1 - Various data posted to paypal (albeit some in hidden, unsecure form fields)
2 - Payment made on paypal
3 - Code returned to phpshop to confirm payment / change order staus etc.

I have yet to look at the payment processor code and HSBC process in any detail, but image that it it not a simple 'forms' type interface (ala paypal, protx forms etc) - hence the above will not be helpful.

If I can help with testing / any other way, just let me know.

Regards


stovesy

Here's what I have so far.



[attachment deleted by admin]

stovesy

I'm starting to get this after looking at a load of Soerens code.

We've gotta use the 'payment_extrainfo' field to pass our form to the CPI. I installed the ps_pbs payment processor. What happens is the order completes in the phpShop system, then the code in the 'extra_info' field gets evaluated and any output is displayed at the bottom of the 'ThankYou' page.

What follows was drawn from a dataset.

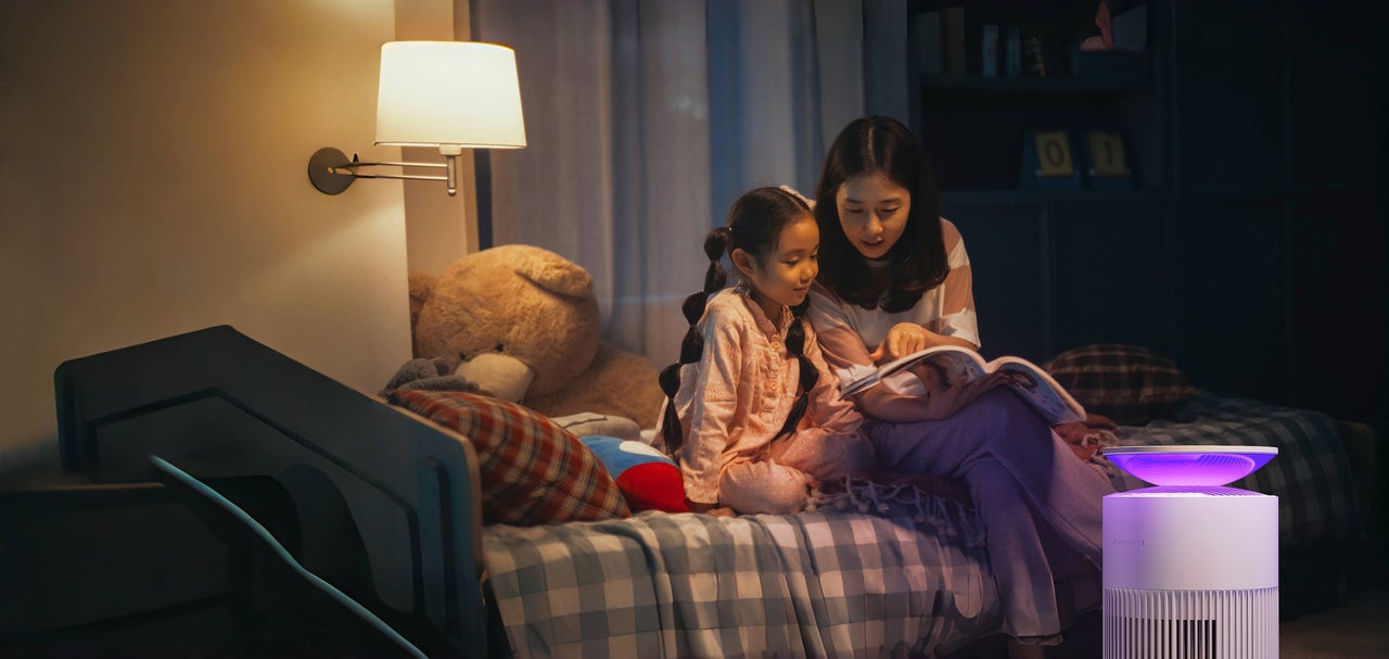 空気質の指標として役立つ4色の表示ライトを含め、紫やグレーなど計10色のカラーライトは間接照明としても◎。

(This is a little wrong really - because the payment may not go through - so the order is not complete) CPI is also able to return a payment status.. but anyway.

What needs to happen, is instead of posting the CPI variable directly, we need to get all that info into a form which is defined in the 'extra_info' field.

Just have a look at the 'ps_pb.php' file in admin-components-com_phpshop-classes-payment.